Stan
Stan Connor pushed open the door to Izzy Sweet’s Sweets, her mind on a few moments of peace and a giant soy latte. Peace was hard to come by these days, though, ever since her former coworker had been found dead at her mother’s engagement party. Granted, she’d probably had it coming, but that didn’t negate the fact that the whole town had been thrown into an uproar. Peace wasn’t in the cards for today, though. Izzy’s was jam-packed. Not one table, including the one nearest the back that Stan usually claimed with no trouble, waited for her with a free chair. The baristas rushed around behind the counter, attending to a line that snaked through the middle of the cafe. Some people oohed and aahed at the selection of gourmet chocolates, while others waited for coffee and pastry.
They were all probably here to gossip about the murder.
Stan bit back a sigh and joined the line. She should be happy her friend’s cafe was so successful. Izzy’s place attracted the most non-local guests of any business in town. And inevitably, once they saw how charming Frog Ledge, Connecticut really was, they supported other parts of the local economy.
Nearly ten minutes later, latte in hand, Stan headed for the counter at the back of the store. The bar overlooked Main Street, so it was perfect for people watching. There was one empty chair. Prepared to knock someone over for it, Stan reached it with no interference and sank down gratefully. It had been a long day, working on the design for her new Pawsitively Organic Pet Patisserie, due to open around the holidays. Not to mention the party this weekend she needed to prepare for. Her mother’s engagement party.
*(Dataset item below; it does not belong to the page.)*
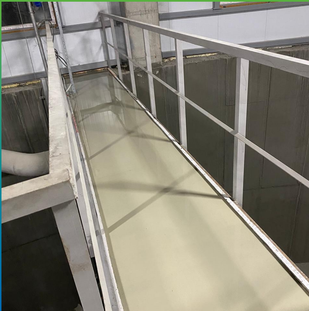
Финальный вид покрытия

To the Frog Ledge mayor. Which meant she’d be living in town basically full time.
The thought made Stan need much more coffee.
As she sipped, Stan looked out the window where a taxi claimed the only empty parking space on Main Street. As it backed in, Stan noticed the Maine plates. Man, are you lost, she thought. But then the driver’s side door opened and a petite woman around her own age climbed out. She ran a hand through her blond hair, but there was no mistaking the rumpled, tired look of someone who’d had a long day and was a long way from home.
Stan lost track of the woman after she left her car. The man in the next seat heaved himself up with a grunt and walked away. As he moved toward the door, Stan spotted the blond woman standing in the center of the shop, a coffee cup and muffin in her hands, looking desperately for a seat. Stan waved the woman over.
Julia
I smiled at the woman in gratitude and climbed onto the stool. It had been such an awful day, bringing one—no, two—no, three shocking revelations with it. I wanted to scream. I wanted to cry. I wanted to drive straight home to Maine. But the GPS in Chris’s cab had taken me back a different way than it had brought me. When I drove into this town with its beautiful green and noticed the coffee shop, I realized I had to eat something if I was going to make it. I had to stop and pull myself together.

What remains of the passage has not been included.